*WORK REQUIRED*: Return, unchanged and with no pictures, the lines below from the very first through the one that contains "Câu 4. Ý nghĩa".

*Entries taken from a collection*:

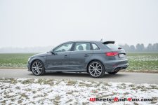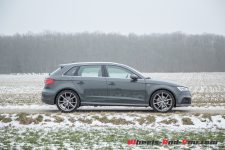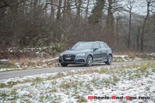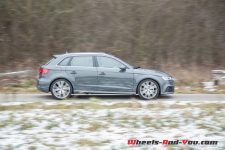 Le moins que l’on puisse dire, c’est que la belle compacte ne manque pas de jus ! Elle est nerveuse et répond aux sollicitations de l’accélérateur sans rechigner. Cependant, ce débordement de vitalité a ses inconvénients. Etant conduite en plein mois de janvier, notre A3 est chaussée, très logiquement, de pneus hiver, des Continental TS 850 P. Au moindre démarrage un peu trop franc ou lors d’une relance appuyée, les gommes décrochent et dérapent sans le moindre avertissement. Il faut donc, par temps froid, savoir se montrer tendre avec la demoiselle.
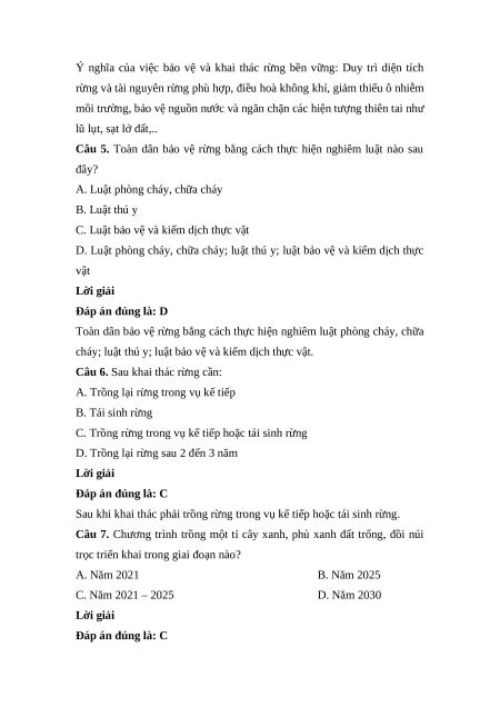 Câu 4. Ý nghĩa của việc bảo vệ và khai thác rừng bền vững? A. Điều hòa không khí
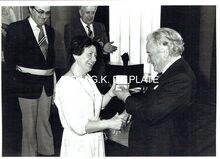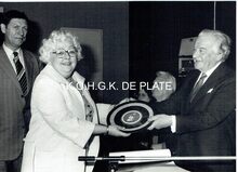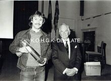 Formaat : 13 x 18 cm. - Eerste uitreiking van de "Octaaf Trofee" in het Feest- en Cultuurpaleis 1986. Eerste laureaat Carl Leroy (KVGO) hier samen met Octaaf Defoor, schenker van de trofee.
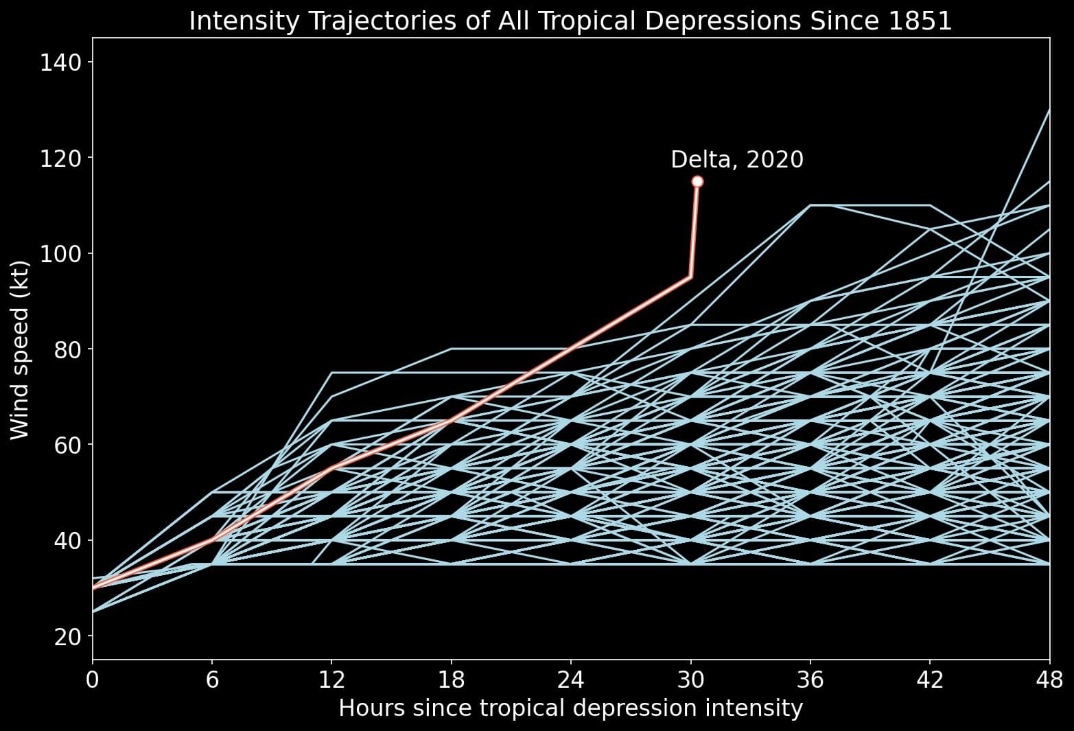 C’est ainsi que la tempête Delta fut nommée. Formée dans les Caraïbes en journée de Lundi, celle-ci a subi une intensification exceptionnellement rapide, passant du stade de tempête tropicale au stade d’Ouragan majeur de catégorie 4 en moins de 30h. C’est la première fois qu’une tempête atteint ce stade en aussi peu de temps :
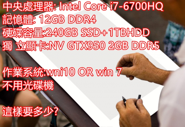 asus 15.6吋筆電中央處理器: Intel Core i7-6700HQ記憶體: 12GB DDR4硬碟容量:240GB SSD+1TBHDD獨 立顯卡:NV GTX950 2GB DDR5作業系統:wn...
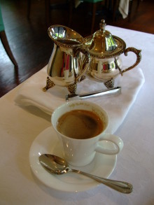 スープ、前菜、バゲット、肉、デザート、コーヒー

*RESPONSE FOR THIS EXERCISE*:
 Le moins que l’on puisse dire, c’est que la belle compacte ne manque pas de jus ! Elle est nerveuse et répond aux sollicitations de l’accélérateur sans rechigner. Cependant, ce débordement de vitalité a ses inconvénients. Etant conduite en plein mois de janvier, notre A3 est chaussée, très logiquement, de pneus hiver, des Continental TS 850 P. Au moindre démarrage un peu trop franc ou lors d’une relance appuyée, les gommes décrochent et dérapent sans le moindre avertissement. Il faut donc, par temps froid, savoir se montrer tendre avec la demoiselle.
 Câu 4. Ý nghĩa của việc bảo vệ và khai thác rừng bền vững? A. Điều hòa không khí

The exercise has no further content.